» **Description of the task**
Would you please repeat, word for word, only the lines from the one holding "メンズボクサー G-Station/ジーステーション ウエスト&足口シームレス" through the one holding "Užijte si uspokojující" in the material below, without the pictures?
━━━ Records shown ━━━
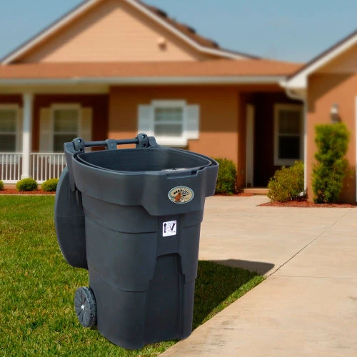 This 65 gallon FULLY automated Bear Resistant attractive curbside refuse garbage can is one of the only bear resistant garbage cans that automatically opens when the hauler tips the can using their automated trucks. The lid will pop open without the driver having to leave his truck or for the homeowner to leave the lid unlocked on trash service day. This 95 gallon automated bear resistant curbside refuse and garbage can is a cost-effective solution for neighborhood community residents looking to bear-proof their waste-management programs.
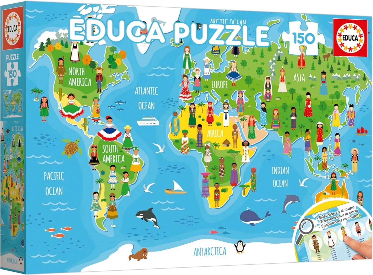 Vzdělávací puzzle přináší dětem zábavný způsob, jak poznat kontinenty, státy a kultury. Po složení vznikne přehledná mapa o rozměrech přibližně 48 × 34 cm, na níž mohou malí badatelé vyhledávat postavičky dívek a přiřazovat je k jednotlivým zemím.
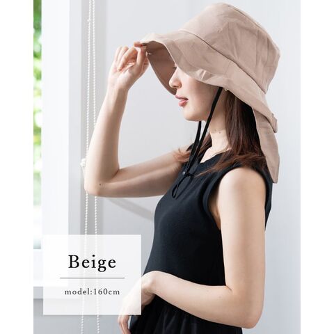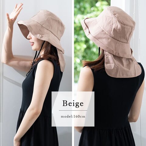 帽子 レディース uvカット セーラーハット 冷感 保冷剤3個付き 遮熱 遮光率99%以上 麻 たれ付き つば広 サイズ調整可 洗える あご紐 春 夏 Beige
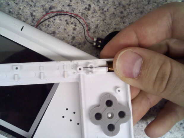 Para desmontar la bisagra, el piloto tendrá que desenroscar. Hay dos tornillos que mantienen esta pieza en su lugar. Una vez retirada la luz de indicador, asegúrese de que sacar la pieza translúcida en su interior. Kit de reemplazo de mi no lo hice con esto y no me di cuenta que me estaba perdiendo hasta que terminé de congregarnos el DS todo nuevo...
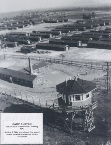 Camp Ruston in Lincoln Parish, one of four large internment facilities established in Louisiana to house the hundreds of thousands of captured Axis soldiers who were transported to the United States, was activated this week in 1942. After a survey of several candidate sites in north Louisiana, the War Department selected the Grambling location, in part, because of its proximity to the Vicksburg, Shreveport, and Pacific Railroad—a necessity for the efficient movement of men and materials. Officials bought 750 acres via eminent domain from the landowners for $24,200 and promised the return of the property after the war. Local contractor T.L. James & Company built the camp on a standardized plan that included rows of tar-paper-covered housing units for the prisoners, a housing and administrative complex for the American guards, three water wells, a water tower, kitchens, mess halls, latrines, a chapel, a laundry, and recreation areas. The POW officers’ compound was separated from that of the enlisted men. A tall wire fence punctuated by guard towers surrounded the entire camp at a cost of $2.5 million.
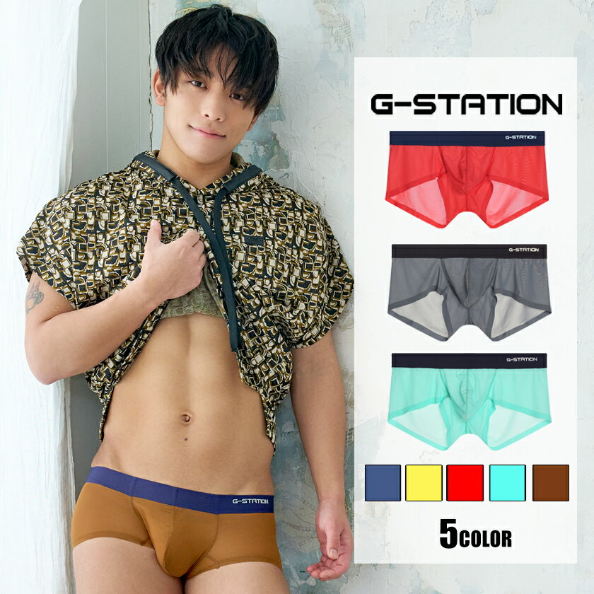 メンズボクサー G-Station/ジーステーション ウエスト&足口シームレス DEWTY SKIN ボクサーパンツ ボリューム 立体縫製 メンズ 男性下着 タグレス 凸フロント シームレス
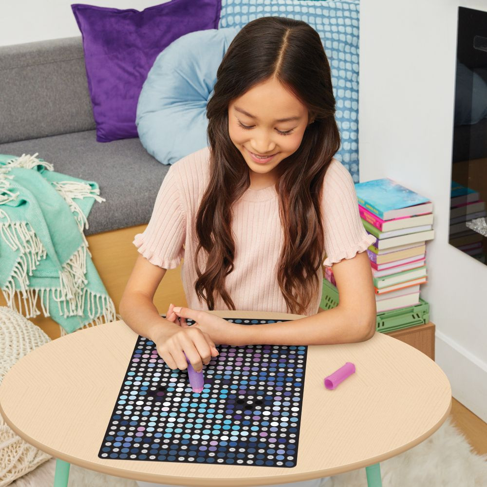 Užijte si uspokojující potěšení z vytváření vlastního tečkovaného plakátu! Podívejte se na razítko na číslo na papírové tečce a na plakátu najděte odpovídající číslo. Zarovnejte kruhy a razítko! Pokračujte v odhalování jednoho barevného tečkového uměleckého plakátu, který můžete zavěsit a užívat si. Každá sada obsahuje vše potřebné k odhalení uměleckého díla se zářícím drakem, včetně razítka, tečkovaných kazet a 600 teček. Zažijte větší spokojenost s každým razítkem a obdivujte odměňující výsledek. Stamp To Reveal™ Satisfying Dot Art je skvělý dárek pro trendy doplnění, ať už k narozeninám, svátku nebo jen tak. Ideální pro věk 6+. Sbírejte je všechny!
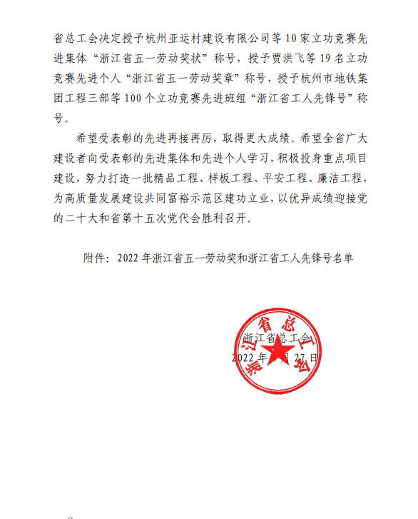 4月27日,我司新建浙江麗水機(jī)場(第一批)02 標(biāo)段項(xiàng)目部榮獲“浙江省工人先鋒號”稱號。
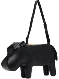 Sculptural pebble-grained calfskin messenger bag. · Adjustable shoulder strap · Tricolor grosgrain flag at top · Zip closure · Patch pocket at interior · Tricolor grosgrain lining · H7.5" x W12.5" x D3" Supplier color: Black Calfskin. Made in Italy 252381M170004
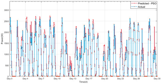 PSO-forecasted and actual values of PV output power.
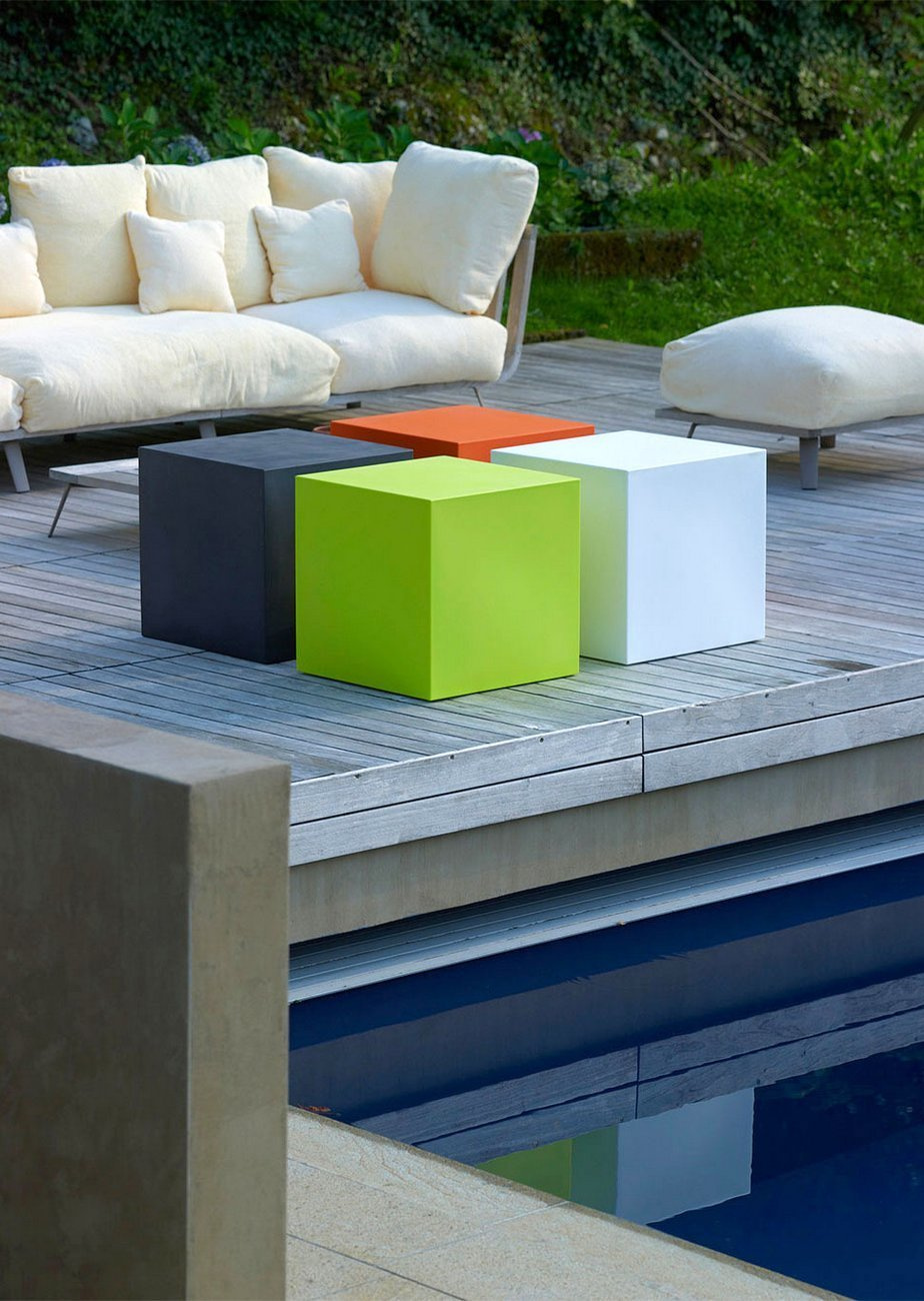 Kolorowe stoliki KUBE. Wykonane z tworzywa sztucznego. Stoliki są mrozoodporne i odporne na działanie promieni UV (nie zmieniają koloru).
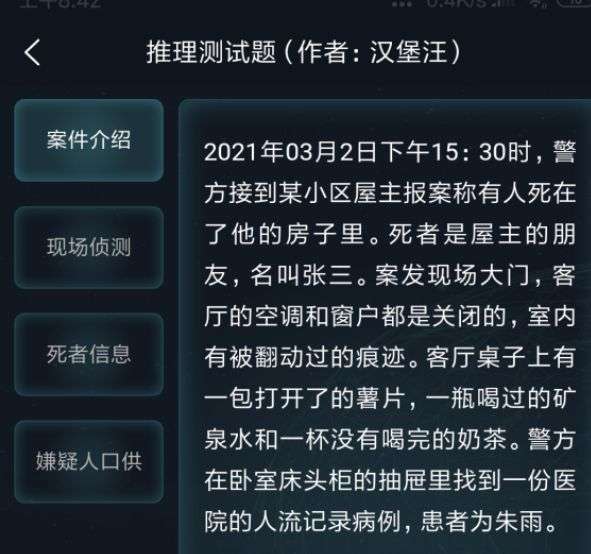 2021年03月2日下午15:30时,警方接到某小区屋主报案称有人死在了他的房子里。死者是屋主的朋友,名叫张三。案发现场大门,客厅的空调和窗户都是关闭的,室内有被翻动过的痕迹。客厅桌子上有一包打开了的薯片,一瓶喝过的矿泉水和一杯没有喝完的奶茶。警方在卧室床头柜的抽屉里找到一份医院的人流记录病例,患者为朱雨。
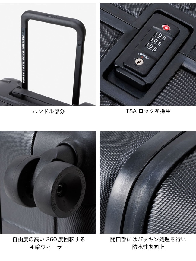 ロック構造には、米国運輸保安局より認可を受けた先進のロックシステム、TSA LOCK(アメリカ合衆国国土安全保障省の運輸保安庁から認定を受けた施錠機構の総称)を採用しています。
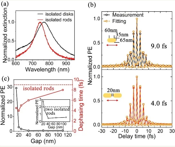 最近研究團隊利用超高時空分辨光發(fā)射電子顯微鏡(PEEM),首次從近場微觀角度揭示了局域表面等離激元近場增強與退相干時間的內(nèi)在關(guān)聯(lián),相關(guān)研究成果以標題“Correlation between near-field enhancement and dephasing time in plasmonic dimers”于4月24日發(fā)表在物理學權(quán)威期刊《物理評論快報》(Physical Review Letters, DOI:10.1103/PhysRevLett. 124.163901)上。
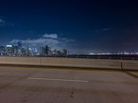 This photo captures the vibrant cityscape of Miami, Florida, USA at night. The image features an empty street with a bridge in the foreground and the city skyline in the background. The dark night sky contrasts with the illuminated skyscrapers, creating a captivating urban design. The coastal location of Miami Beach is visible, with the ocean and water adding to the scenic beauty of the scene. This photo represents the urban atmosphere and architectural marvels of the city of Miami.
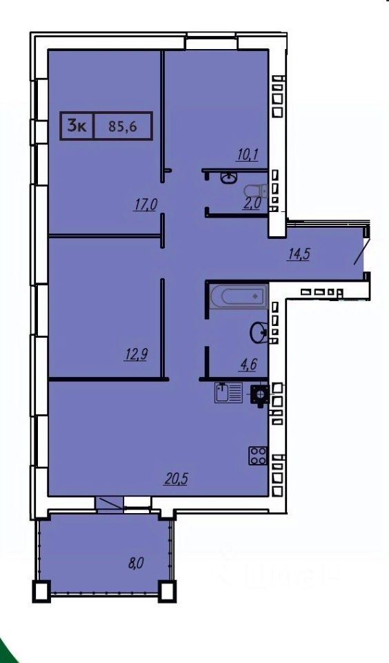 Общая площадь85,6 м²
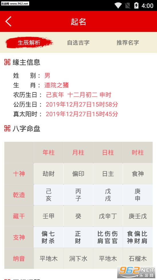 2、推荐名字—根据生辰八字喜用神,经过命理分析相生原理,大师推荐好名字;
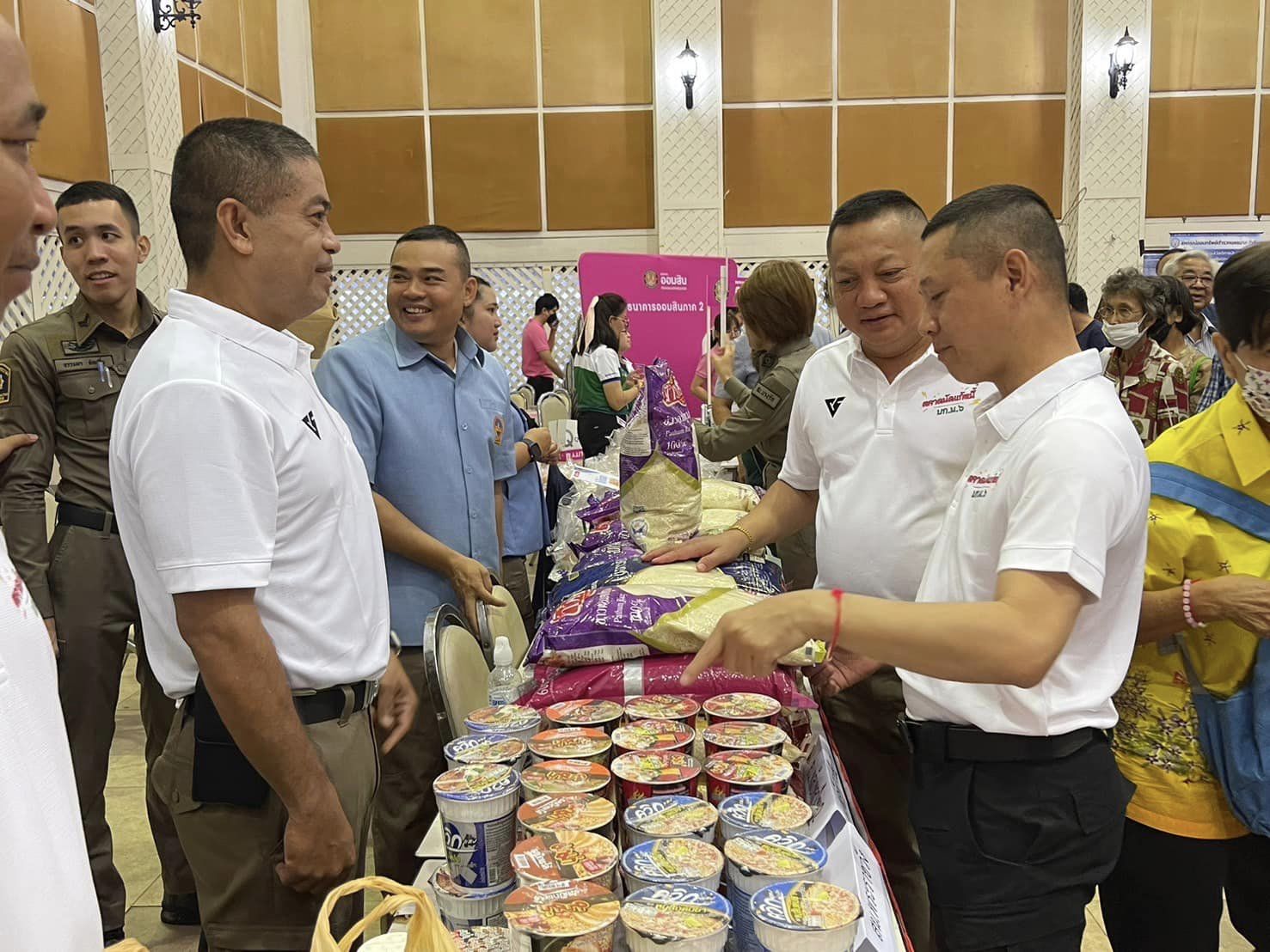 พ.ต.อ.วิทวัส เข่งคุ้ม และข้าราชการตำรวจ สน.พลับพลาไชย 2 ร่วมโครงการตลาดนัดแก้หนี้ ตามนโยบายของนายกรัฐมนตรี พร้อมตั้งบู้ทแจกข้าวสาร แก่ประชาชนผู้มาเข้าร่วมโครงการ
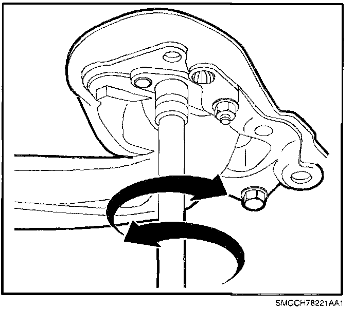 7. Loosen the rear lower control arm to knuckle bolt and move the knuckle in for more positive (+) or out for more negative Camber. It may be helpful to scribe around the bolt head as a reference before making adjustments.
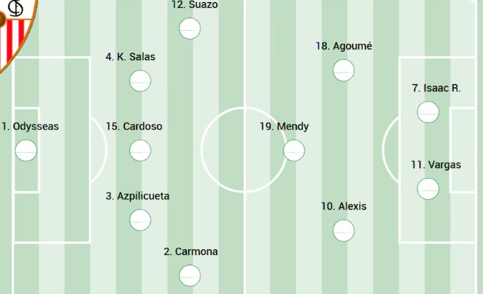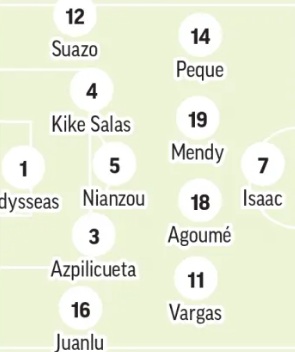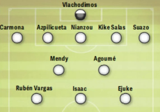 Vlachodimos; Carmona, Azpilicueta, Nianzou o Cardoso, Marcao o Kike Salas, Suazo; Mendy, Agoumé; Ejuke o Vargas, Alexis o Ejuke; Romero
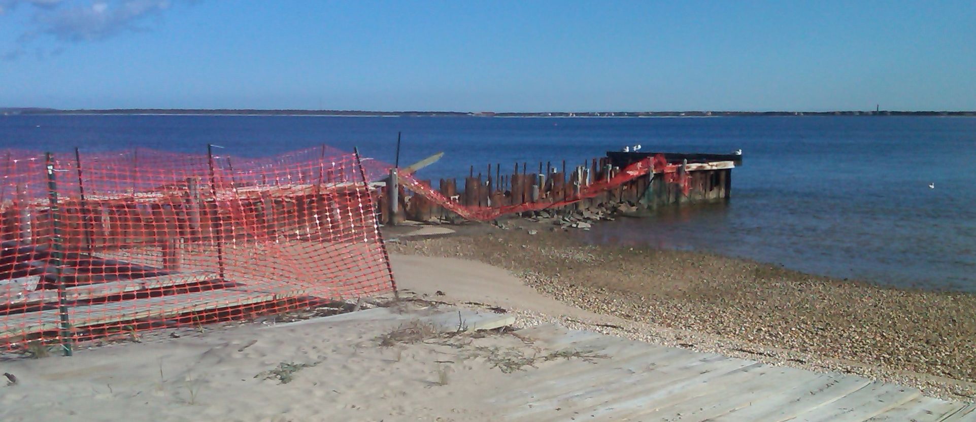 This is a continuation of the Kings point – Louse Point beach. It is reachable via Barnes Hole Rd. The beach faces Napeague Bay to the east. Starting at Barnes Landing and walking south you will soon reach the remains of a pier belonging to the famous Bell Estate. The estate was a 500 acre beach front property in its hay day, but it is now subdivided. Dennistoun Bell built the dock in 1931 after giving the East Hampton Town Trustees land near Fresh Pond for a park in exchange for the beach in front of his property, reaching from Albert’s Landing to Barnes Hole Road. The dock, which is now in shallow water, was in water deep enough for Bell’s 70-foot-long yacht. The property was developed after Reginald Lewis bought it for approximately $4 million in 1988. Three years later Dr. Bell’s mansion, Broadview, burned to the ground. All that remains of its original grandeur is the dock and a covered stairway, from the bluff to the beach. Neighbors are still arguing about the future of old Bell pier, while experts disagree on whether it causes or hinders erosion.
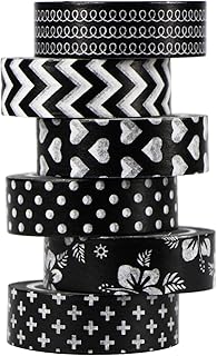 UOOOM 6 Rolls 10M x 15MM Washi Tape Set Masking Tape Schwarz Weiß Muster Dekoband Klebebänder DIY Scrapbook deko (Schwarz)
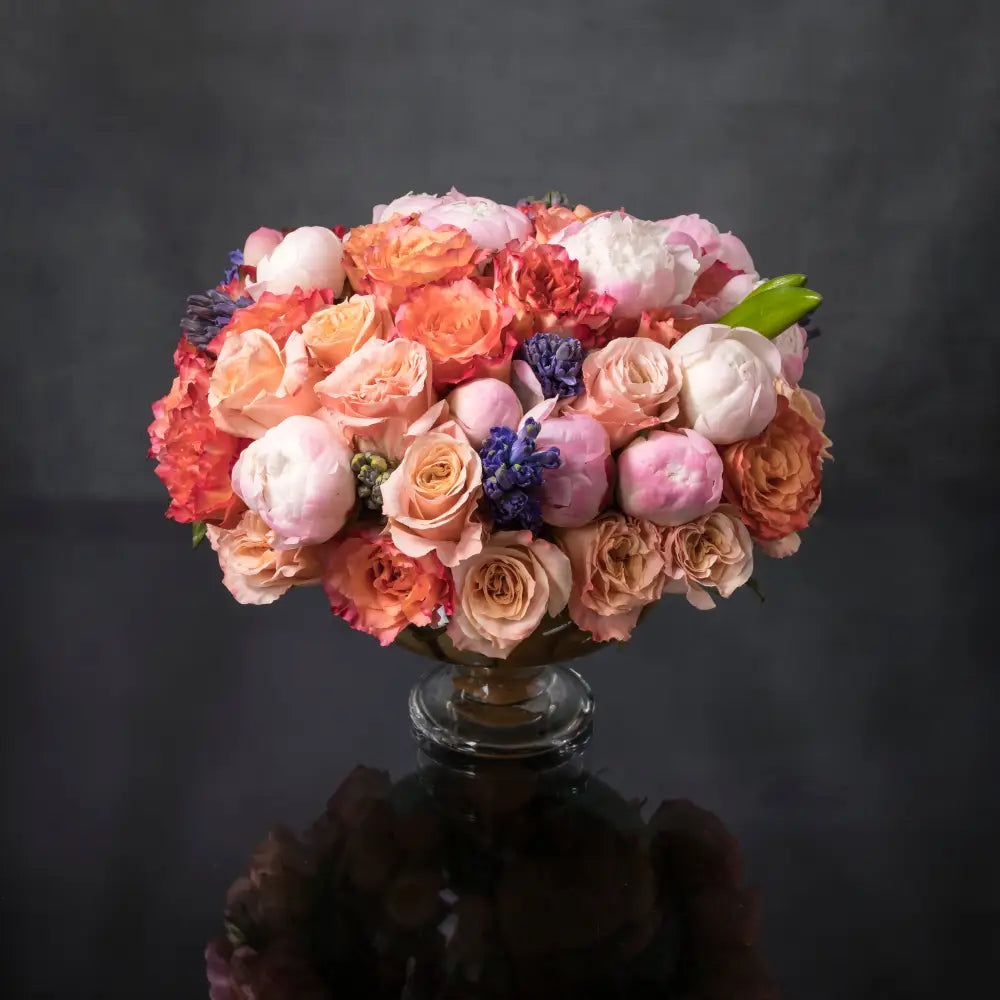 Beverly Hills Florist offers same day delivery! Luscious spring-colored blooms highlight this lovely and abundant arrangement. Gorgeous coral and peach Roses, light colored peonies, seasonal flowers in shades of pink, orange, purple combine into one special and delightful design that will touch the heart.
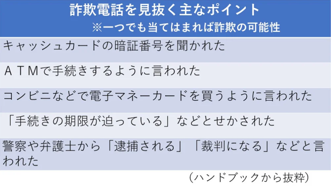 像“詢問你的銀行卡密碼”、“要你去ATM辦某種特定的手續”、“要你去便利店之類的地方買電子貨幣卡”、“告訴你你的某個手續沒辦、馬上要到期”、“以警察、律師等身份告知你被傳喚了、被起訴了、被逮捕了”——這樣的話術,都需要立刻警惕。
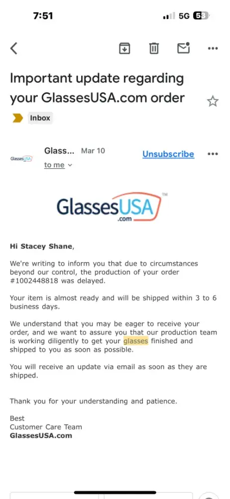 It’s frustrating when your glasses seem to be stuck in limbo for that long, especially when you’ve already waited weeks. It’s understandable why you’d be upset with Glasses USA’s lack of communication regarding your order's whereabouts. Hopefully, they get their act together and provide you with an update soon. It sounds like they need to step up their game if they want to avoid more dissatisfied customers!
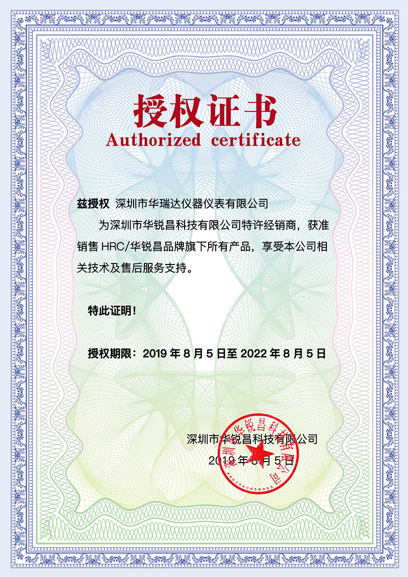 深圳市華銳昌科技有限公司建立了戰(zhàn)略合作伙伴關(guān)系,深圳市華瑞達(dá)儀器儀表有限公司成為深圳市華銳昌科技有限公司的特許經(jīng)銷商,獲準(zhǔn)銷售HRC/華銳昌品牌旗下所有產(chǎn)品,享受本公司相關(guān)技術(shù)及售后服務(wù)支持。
━━━
» **Solution for this exercise**
 メンズボクサー G-Station/ジーステーション ウエスト&足口シームレス DEWTY SKIN ボクサーパンツ ボリューム 立体縫製 メンズ 男性下着 タグレス 凸フロント シームレス
 Užijte si uspokojující potěšení z vytváření vlastního tečkovaného plakátu! Podívejte se na razítko na číslo na papírové tečce a na plakátu najděte odpovídající číslo. Zarovnejte kruhy a razítko! Pokračujte v odhalování jednoho barevného tečkového uměleckého plakátu, který můžete zavěsit a užívat si. Každá sada obsahuje vše potřebné k odhalení uměleckého díla se zářícím drakem, včetně razítka, tečkovaných kazet a 600 teček. Zažijte větší spokojenost s každým razítkem a obdivujte odměňující výsledek. Stamp To Reveal™ Satisfying Dot Art je skvělý dárek pro trendy doplnění, ať už k narozeninám, svátku nebo jen tak. Ideální pro věk 6+. Sbírejte je všechny!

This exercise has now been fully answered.